* WHAT NEEDS TO BE DONE: Without the pictures, output all of the data exactly.

==== GIVEN DATA

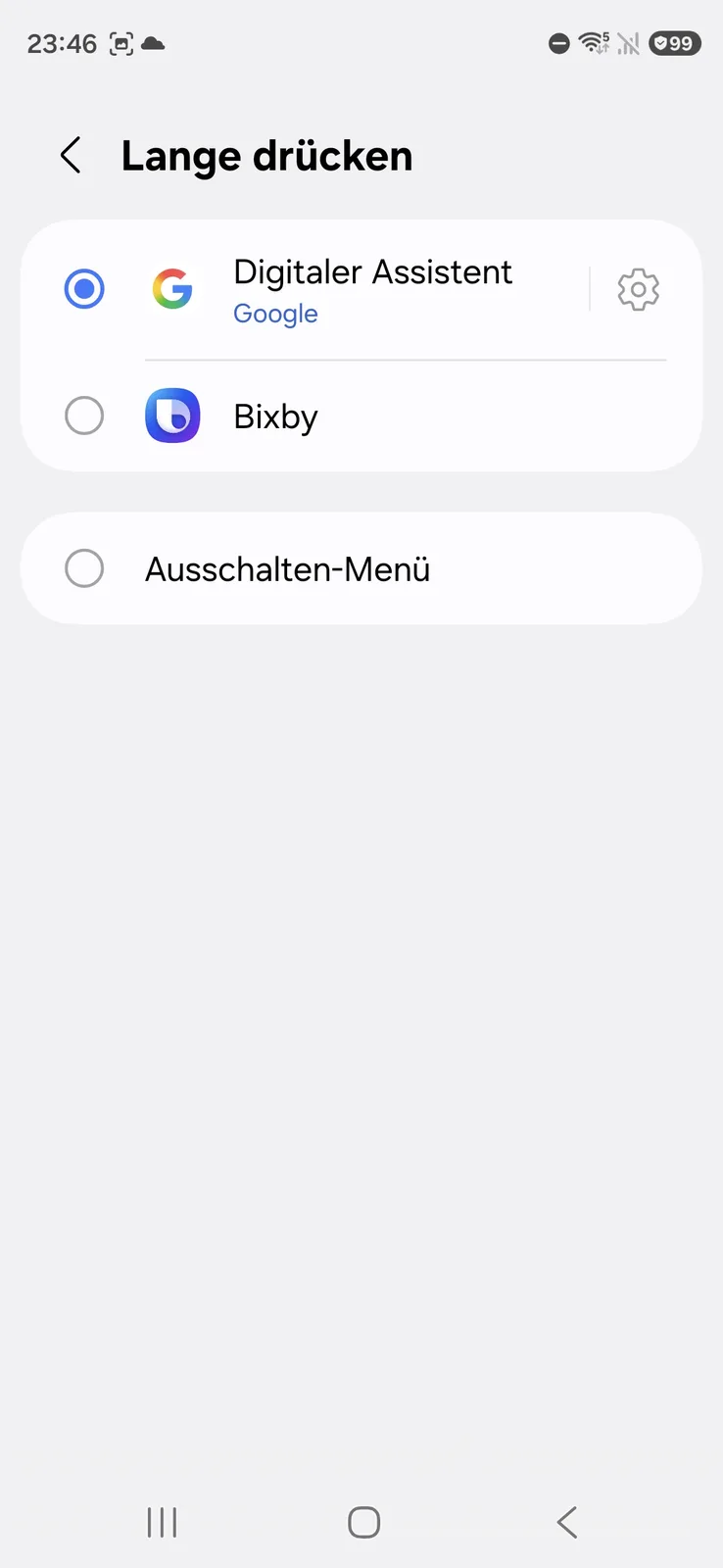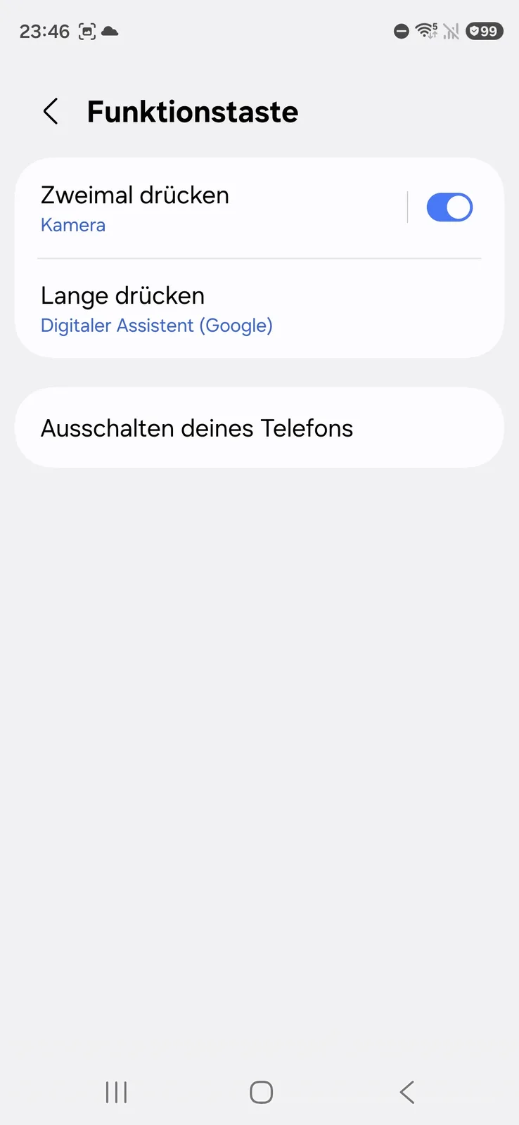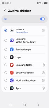 O botão liga/desliga é, na verdade, mais um botão de função que não apenas desliga e liga o smartphone, mas também pode iniciar diretamente o assistente configurado ou um aplicativo específico. Um modo de uso com uma mão também está incluído.
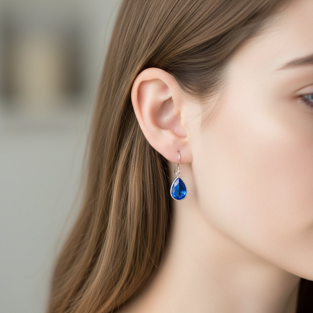 Tmavě modrá barva a tvar slzy dodávají náušnicím jedinečný a elegantní vzhled. Lehkost a pohodlí
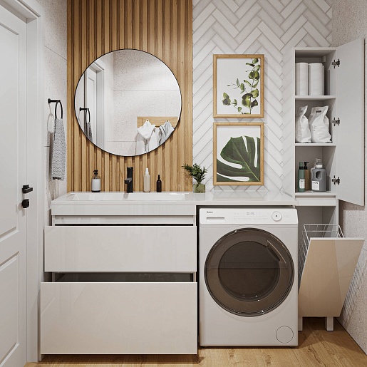 - Раковина с местом для размещения стиральной машины.
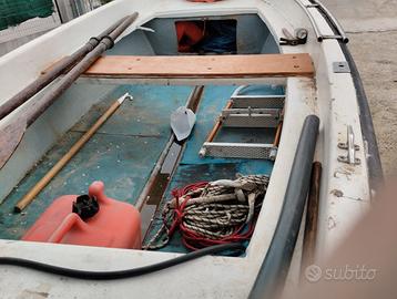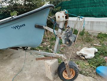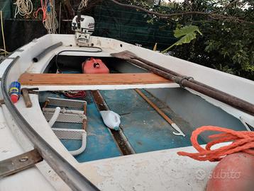 Vendo barca a motore, come da foto. 4 metri, fondo piatto tipo battana. motore Johnson 15cv. Carrello alaggio in acciaio, doppio verricello, remi, scaletta, N2 giubbini salvataggio e ancora.
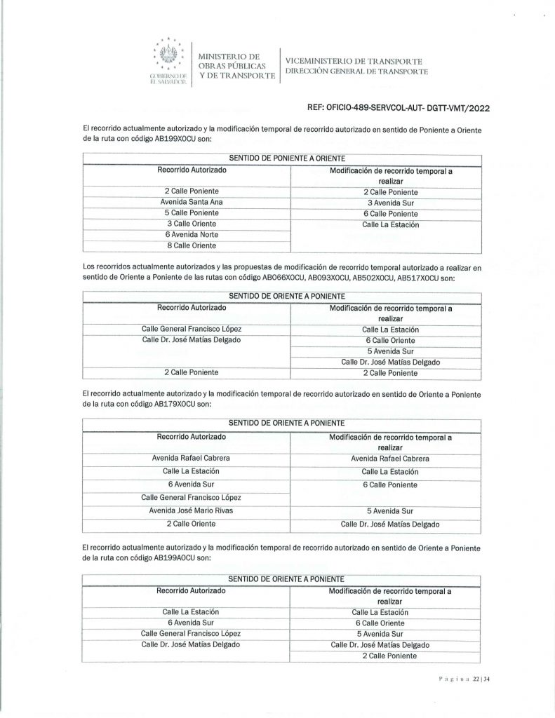Modificación temporal de recorridos y paradas de las rutas AB110A0SV, AB110X0SV, AB111X1CA, AB111A0CH, AB111X0CA, AB112A0CA, AB112B0CA, AB112B1CA, AB112X0CA, AB116X0SV, AB116X1SV, AB142X0CA, AB176D0SV, AB176X0SV, AB181A0CA, AB181X0CA, AB198A0CU, AB302C0CU, AB303A0US, AB303X0US, AB304D0UN, AB304E0UN, AB304X0UN, AB304X1UN, AB306D0UN, AB306X0UN, AB306X1UN, AB311X0US, AB346D0UN, AB346X0UN, AB346X1UN AB411X0SV, AB446X0UN, AB499X0SV, AB501A0SV, AB501X0SV, AB501X1LP, AB507A0CA, AB511X0SV, AB518X0CA, AB533X0CU, AB113X0CU, AB113XECU, AB426A0CU, AB426X0CU, AB510A0CU, MB113X0CU, MB113X3CU, AB066X0CU, AB093X0CU, AB199A0CU, AB199X0CU, AB502X0CU, AB516X0CU, AB186B0CU, AB186X0CU, AB510X0CU, AB517X0CU, AB630X0CU, AB114X0CU, AB175A1CU, AB175X1CU, AB179X1CU, AB515A0CU, AB515X0CU, AB515X1CU, AB517A0CU, AB577A0CU, MB001X0CU, AB198X0CU, AB500X0LP, AB500X1LP, MB001X0SV, AB637X0CU, AB113X0CU, AB113XECU, AB426A0CU, AB426X0CU, AB510A0CU, MB113X0CU, MB113XECU
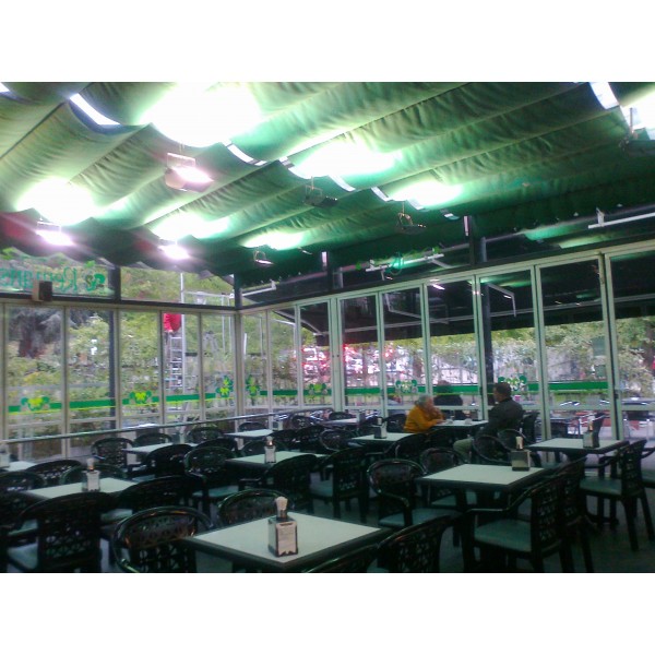 Local con dos amplias plantas, en la superior se ubica la Cafeteria y en la inferior el Restaurante. A ambos lados, en el exterior, tenemos dos terrazas acristaladas, ambas dan al parque de Cuatro Caminos.
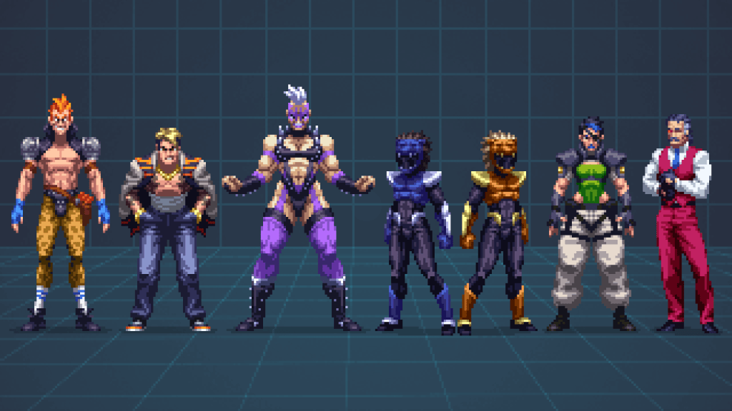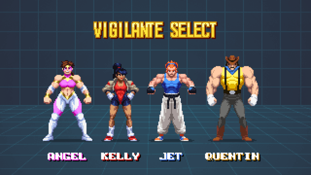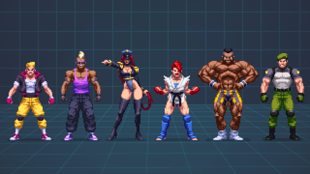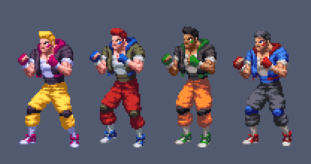KNUCKLE BUSTERS is a side-scrolling arcade-style beat ’em up game I am working on in my spare time. I’m currently in the process of developing the look and art style of the game – here are some art assets I’ve created of the characters in the game.
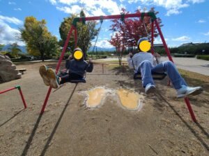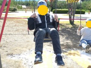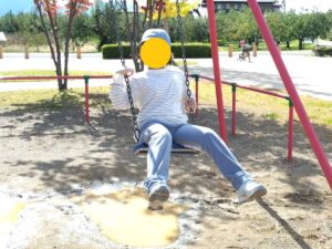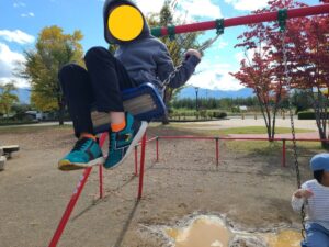みんなスリル満点のブランコが大好き?靴を濡らさないように気を付けて!

========

* ANSWER SPACE:
 O botão liga/desliga é, na verdade, mais um botão de função que não apenas desliga e liga o smartphone, mas também pode iniciar diretamente o assistente configurado ou um aplicativo específico. Um modo de uso com uma mão também está incluído.
 Tmavě modrá barva a tvar slzy dodávají náušnicím jedinečný a elegantní vzhled. Lehkost a pohodlí
 - Раковина с местом для размещения стиральной машины.
 Vendo barca a motore, come da foto. 4 metri, fondo piatto tipo battana. motore Johnson 15cv. Carrello alaggio in acciaio, doppio verricello, remi, scaletta, N2 giubbini salvataggio e ancora.
Modificación temporal de recorridos y paradas de las rutas AB110A0SV, AB110X0SV, AB111X1CA, AB111A0CH, AB111X0CA, AB112A0CA, AB112B0CA, AB112B1CA, AB112X0CA, AB116X0SV, AB116X1SV, AB142X0CA, AB176D0SV, AB176X0SV, AB181A0CA, AB181X0CA, AB198A0CU, AB302C0CU, AB303A0US, AB303X0US, AB304D0UN, AB304E0UN, AB304X0UN, AB304X1UN, AB306D0UN, AB306X0UN, AB306X1UN, AB311X0US, AB346D0UN, AB346X0UN, AB346X1UN AB411X0SV, AB446X0UN, AB499X0SV, AB501A0SV, AB501X0SV, AB501X1LP, AB507A0CA, AB511X0SV, AB518X0CA, AB533X0CU, AB113X0CU, AB113XECU, AB426A0CU, AB426X0CU, AB510A0CU, MB113X0CU, MB113X3CU, AB066X0CU, AB093X0CU, AB199A0CU, AB199X0CU, AB502X0CU, AB516X0CU, AB186B0CU, AB186X0CU, AB510X0CU, AB517X0CU, AB630X0CU, AB114X0CU, AB175A1CU, AB175X1CU, AB179X1CU, AB515A0CU, AB515X0CU, AB515X1CU, AB517A0CU, AB577A0CU, MB001X0CU, AB198X0CU, AB500X0LP, AB500X1LP, MB001X0SV, AB637X0CU, AB113X0CU, AB113XECU, AB426A0CU, AB426X0CU, AB510A0CU, MB113X0CU, MB113XECU
 Local con dos amplias plantas, en la superior se ubica la Cafeteria y en la inferior el Restaurante. A ambos lados, en el exterior, tenemos dos terrazas acristaladas, ambas dan al parque de Cuatro Caminos.
KNUCKLE BUSTERS is a side-scrolling arcade-style beat ’em up game I am working on in my spare time. I’m currently in the process of developing the look and art style of the game – here are some art assets I’ve created of the characters in the game.
みんなスリル満点のブランコが大好き?靴を濡らさないように気を付けて!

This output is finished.